Somehow, through all the years of my sister’s ordeal, I’d held on to a wholly irrational conviction that I would never get breast cancer. Was I stupid, naïve or just fooling myself? While neither Patsy nor I carried the BRCA genetic mutation (the marker for inherited breast cancer) and none of the women in our family had had the disease, I’d chosen to play the odds and stayed on hormone replacement therapy for more than 20 years. Once, I’d tried to stop, but the hot flashes and the sleepless nights were intolerable. So I resumed, fully aware that HRT hormones increase the risk of breast cancer. In retrospect, that was probably a bad throw of the dice.

Do the benefits of hormone replacement therapy outweigh the risks? It certainly doesn’t seem so. I think the important thing to remember about HRT is that often with trial and error, other much less risky options can be found to treat the hot flashes and symptoms associated with menopause.

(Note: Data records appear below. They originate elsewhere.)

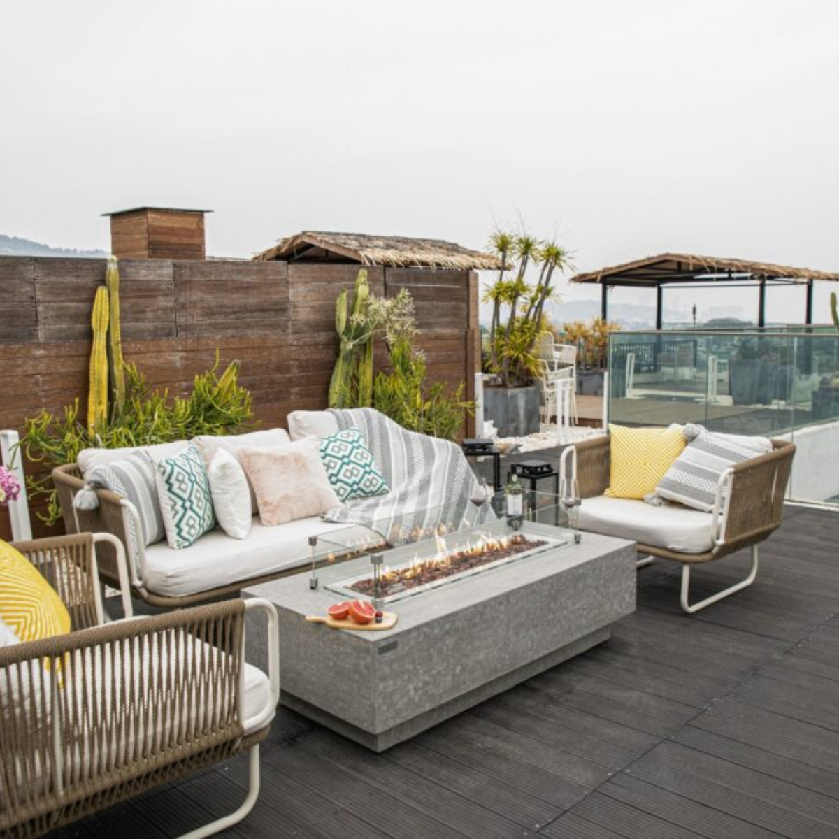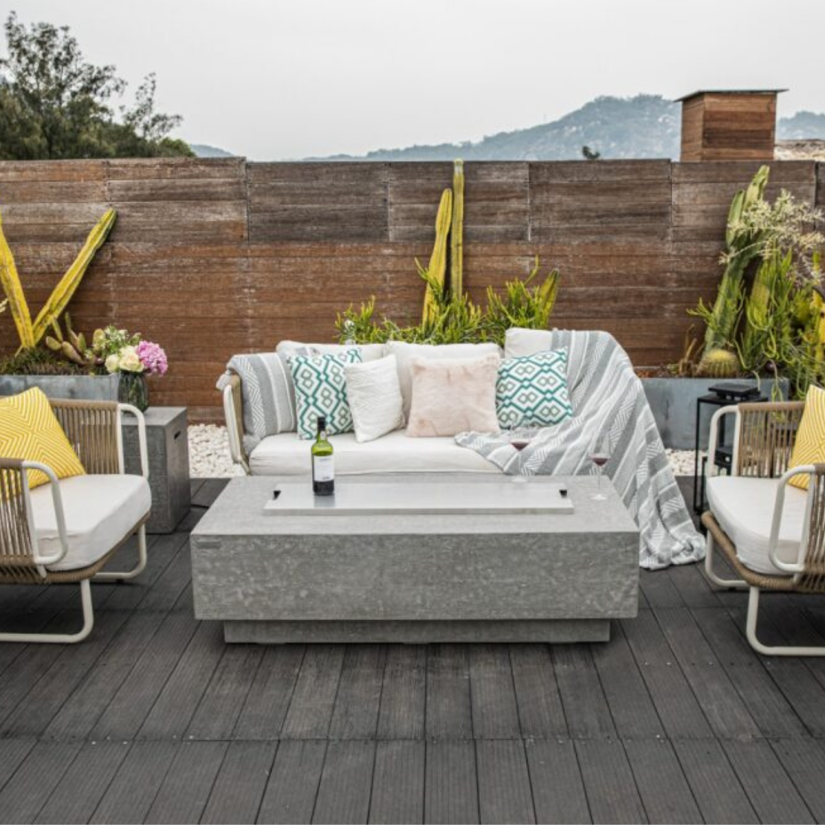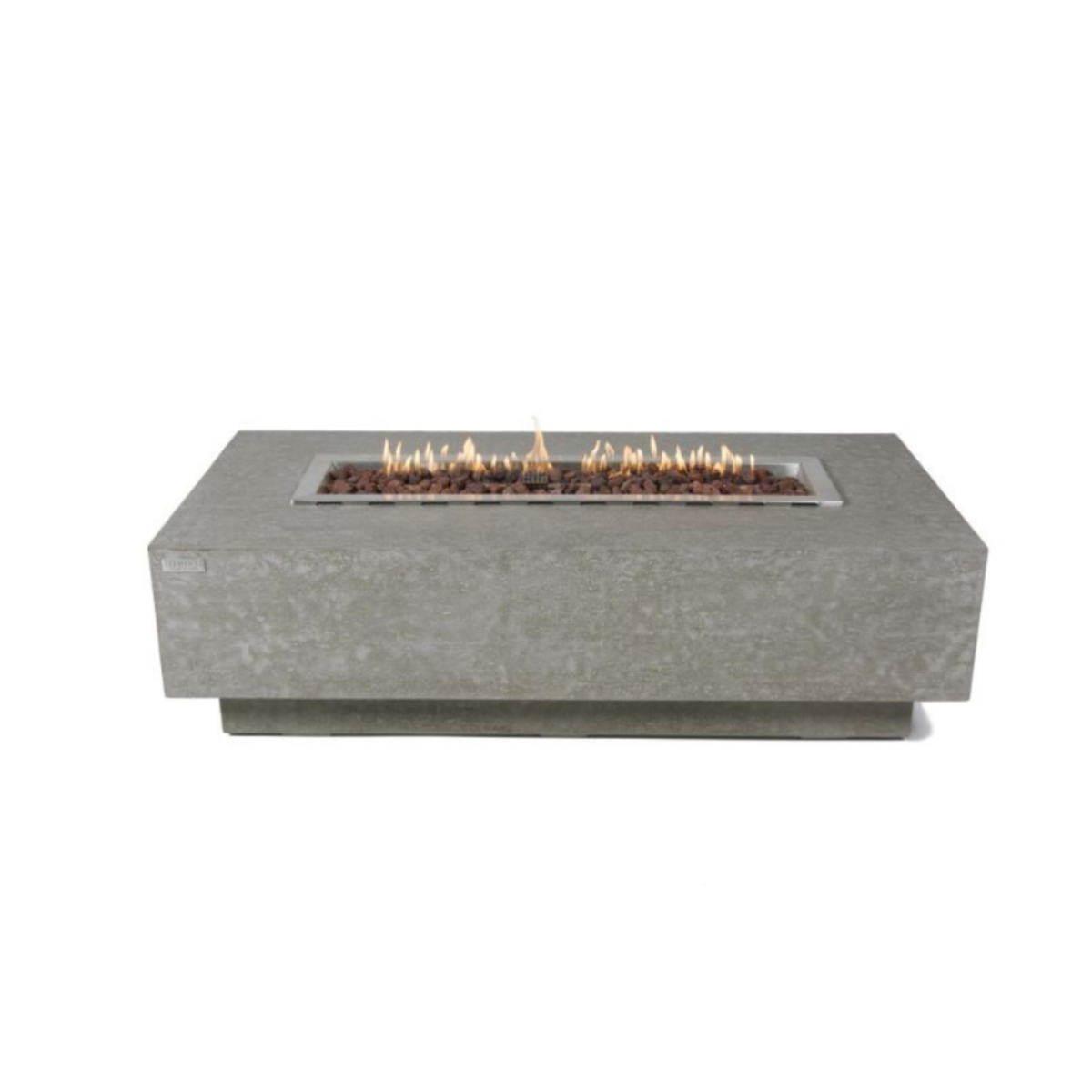 The Elementi Kingsale fire table features a glass-fiber reinforced concrete textured finish in light gray. The table is easy to set up with a pre-attached 10-ft hose with a regulator for connection to a propane tank.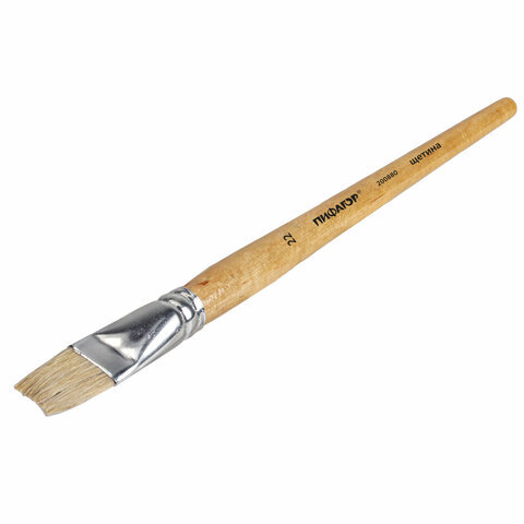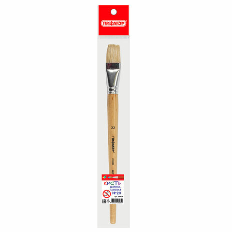 Кисть ПИФАГОР, ЩЕТИНА, плоская, № 22, деревянная лакированная ручка, пакет с подвесом, 200880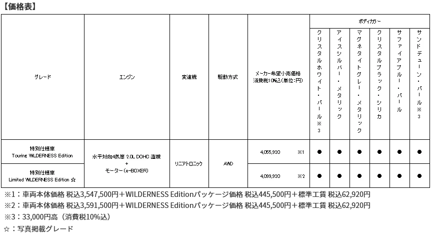 特別仕様車「Touring WILDERNESS Edition」、「Limited WILDERNESS Edition」は、両モデル合わせて500台の限定販売とし、2025年10月30日から2025年11月30日の期間中に全国のSUBARU販売店で抽選申し込みを受け付けます。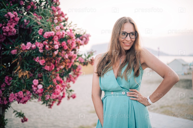 Изящная женщина в бирюзовом платье позирует возле цветущих розовых цветов, наслаждаясь моментом покоя на лоне природы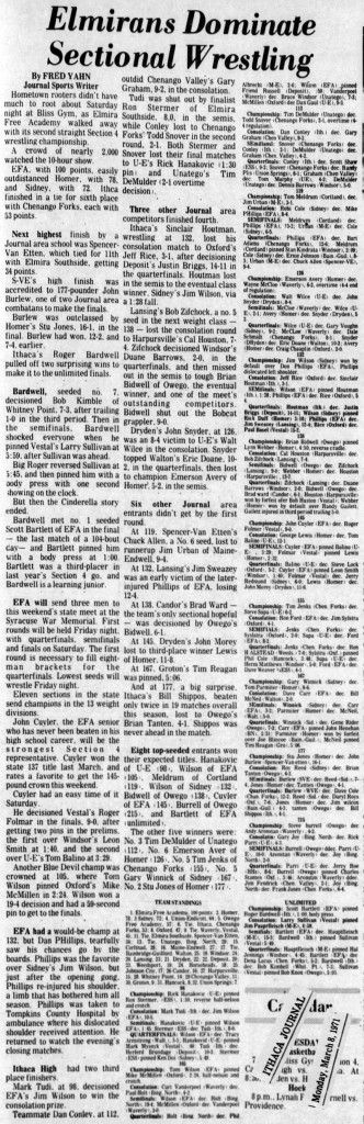 Elmira Free Academy [NY] 100, Homer [NY] 78, Sidney [NY] 72, Union-Endicott [NY] 64, Owego [NY] 57, Chenango Forks [NY] 53, Ithaca [NY] 53, Oxford [NY] 47, Vestal [NY] 45, Waverly [NY] 45, Elmira Southside [NY] 34, Spencer-Van Etten [NY] 34, Binghamton North [NY] 29, Unatego [NY] 29, Cortland [NY] 28, Maine-Endwell [NY] 27, Bainbridge-Guilford [NY] 25, Walton [NY] 25, Windsor [NY] 24, Lansing [NY] 23, Dryden [NY] 22, Deposit [NY] 20, Weedsport [NY] 19, Horseheads [NY] 18, Johnson City [NY] 17, Candor [NY] 16, Harpursville [NY] 15, Whitney Point [NY] 14, Chenango Valley [NY] 11, Groton [NY] 9, Hancock [NY] 8, Union Springs [NY] 7

What do you think about this latest research on HRT? Have you used hormone replacement medications? Are there non-hormonal treatments that you have found helpful to treat these symptoms? Tell us your story.

*cross-posted at

Tags: breast cancer hormones menopause video

1 comment for “Does HRT Put Women at Risk For Breast Cancer?

  1. Cheryl Cummings PA-C
    November 14, 2010 at 7:25 pm

    As a menopausal women and health care provider, I am so disappointed with the latest evidence. Like many of my patients, I too have tried numerous non hormonal therapies. Unfortunately all failed. My symptoms have been dramatic and life altering x 4 years. I am angry that I do not have safe and effective forms of treatment to take, or to offer. The life expectancy of US women is now in the 90’s. Are we to suffer for 45-50 years? I have patients in their 70’s who are still on HRT, because they are unable to tolerate their symptoms without it. So, I like many women are taking HRT, and praying that I am not one of the unlucky who will develop breast cancer. With the resources available to us, we can surely do better, to keep all women safe and well.